Data Collection and Analysis
All statistical analyses were performed at the Research Triangle Institute (Research Triangle Park, NC). Thirty variables were selected from the database for analysis on the basis of the existing literature, which indicated that these variables were associated with death among premature infants (Table 1). All continuous (eg, birth weight) and logical (eg, gender) data variables were used unaltered, whereas ordinal data (eg, Apgar scores) were converted to categorical variables (eg, Apgar score at 5 minutes of >6: yes or no).
Five data sets were created to reflect 5 time points (scenarios), as follows: scenario A, limited prenatal data using only 3 variables; scenario B, scenario A plus additional prenatal data (to determine whether additional variables improved predictive ability); scenario C, scenario B plus data obtained 5 minutes after birth; scenario D, scenario C plus data obtained at 24 hours of life; scenario E, scenario D plus data obtained at 7 days of age. Scenario A had 3 variables, whereas scenario B had 15 variables (the 3 variables of scenario A plus 12 additional variables) (Table 1). Scenario C had 20 variables (the 15 of scenario B plus 5 additional variables), whereas scenario D had 25 (20 of scenario C plus 5 additional variables) and scenario E had 28 (25 of scenario D plus 3 additional variables) (Table 1). The data sets were censored for prior death and missing data, so that only infants who survived to 24 hours were included in scenario D and those who survived to 1 week were included in scenario E. The 5 data sets (1 for each scenario) were each divided into 10 pairs of training (70%) and test (30%) data sets, by assigning observations randomly to the training and test data sets (Table 2). Logistic regression and neural network models were created in S-PLUS (Insightful Corp, Seattle, WA) with training data sets, and mortality probabilities were calculated for test data. The neural network models for all 5 scenarios were back-propagation models with sigmoid transformation using 1 hidden layer with 6 nodes. This process of development and testing of the models was repeated with each of the 10 replicate data sets, and the results were averaged. The predictive abilities of the regression and neural network models were compared by using the area under the curve (AUC) of the receiver operating characteristic (ROC) curves, calculated with the method described by Hanley and McNeil.15 ROC curves plot sensitivity versus 1 − specificity; the more the AUC approaches 1, the greater is the predictive value. The matched-pair t test (SAS, Cary, NC) was used to compare the AUC for the logistic regression analysis with that for the neural network.

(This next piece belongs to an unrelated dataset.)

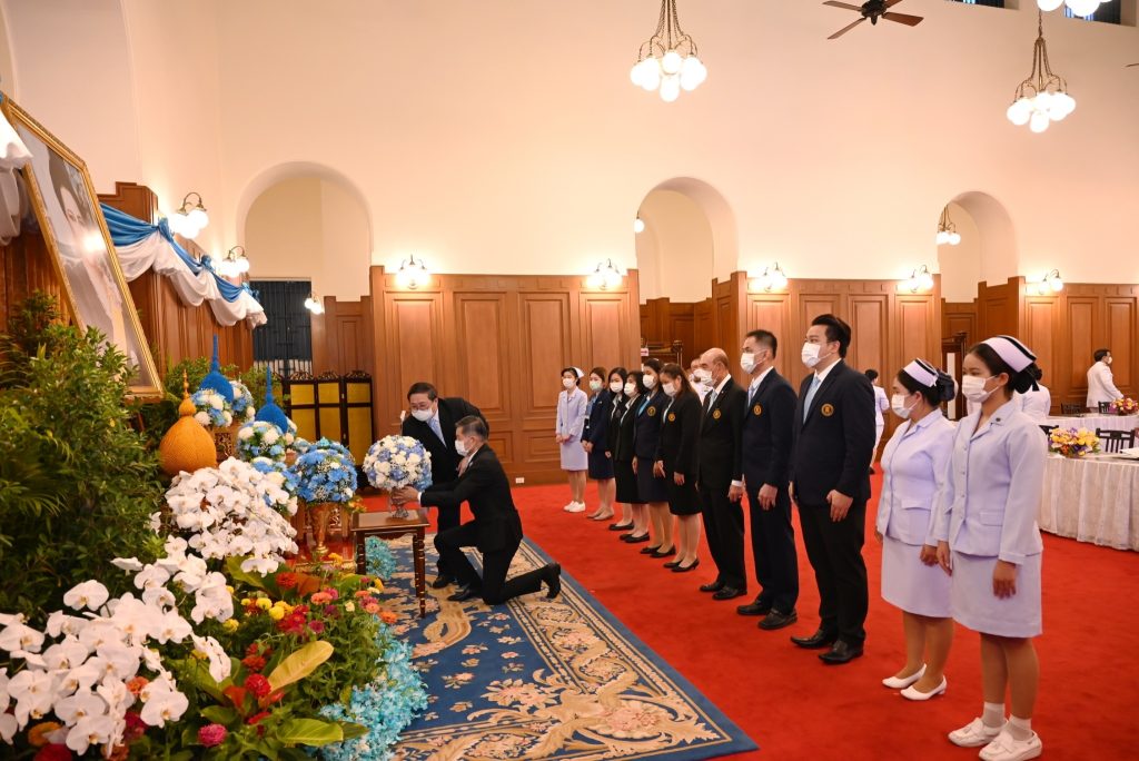 นำแจกันดอกไม้ทูลเกล้าทูลกระหม่อมถวายเบื้องหน้าพระฉายาลักษณ์ สมเด็จพระนางเจ้าสิริกิติ์ พระบรมราชินีนาถ พระบรมราชชนนีพันปีหลวง และลงนามถวายพระพรชัยมงคล เนื่องในโอกาสวันเฉลิมพระชนมพรรษา วันที่ 12 สิงหาคม2567 ณ ศาลาสหทัยสมาคม ในพระบรมมหาราชวัง กรุงเทพฯ
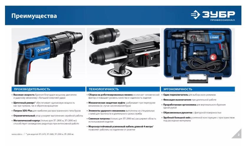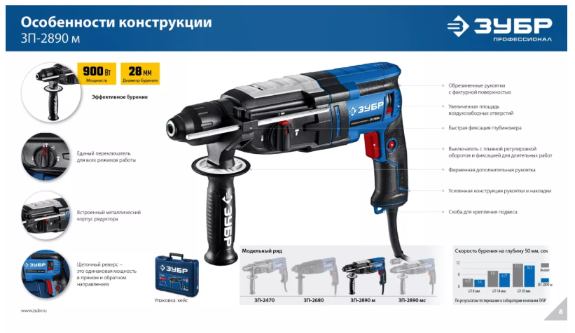 • Новый флагман в линейке перфораторов ЗУБР

The total observations for each scenario ranged from 8608 for scenario A to 5973 for scenario E, because of censoring for prior death or missing data (Table 2). The median birth weight for the study population for scenario A was 735 g (mean: 735 g; SD: 158 g), the median gestation was 25 weeks (mean: 25.5 weeks; SD: 2.3 weeks), 43% of patients were non-Hispanic black (range: 5–84% by center), 50% of patients were male, and 82% of patients received mechanical ventilation (range: 72–96% by center). When the total study population was considered, 14.3% of patients had died by 24 hours, 22.4% by 7 days, and 35% by discharge. Although similar numbers of infants were analyzed for scenarios A, B, and C, death between birth and 24 hours and death between 24 hours and 7 days of age reduced the sample sizes significantly for scenarios D and E, respectively. The infants with missing data (mostly because of nonrecording of ≥1 variable) were comparable to those with recorded data.
To calibrate the models, AUCs and Hosmer-Lemeshow statistics were calculated for the training and test sets. We noticed little discrepancy between the training and test sets. For most models, the AUC was slightly higher for the training set. For scenarios A and D, however, the AUC was higher for the test set, although the values were within the confidence interval of the training set AUC (data not shown); this might be expected because of the large sample size, which makes the models quite robust. The Hosmer-Lemeshow statistic was good only for scenarios D (statistic = .12) and E (statistic = .2) and was poor for scenarios A, B, and C (statistic < .01), indicating significant differences between model-predicted and observed values.
The models for scenarios A, B, and C could be compared with each other because the data sets were similar, but a direct comparison of these models with scenarios D and E was not possible because the data sets were dissimilar. Model C had a larger AUC, compared with models A and B (Table 3). The multiple logistic regression model had a larger AUC than the neural network, indicating better predictive ability, for scenario C, but the models had similar AUC values for other scenarios (Table 3). Although the AUC was statistically greater in the regression model for scenario C, the magnitude of the difference (difference: 0.01) is unlikely to be clinically relevant. Larger magnitudes of differences in AUC values (difference: 0.07–0.09) between the regression and neural network models for scenarios D and E were not statistically significant because the variation was greater. Although neural networks produced better predictions and had excellent Hosmer-Lemeshow goodness-of-fit statistics with the training sets, they failed to produce better predictions with the test data.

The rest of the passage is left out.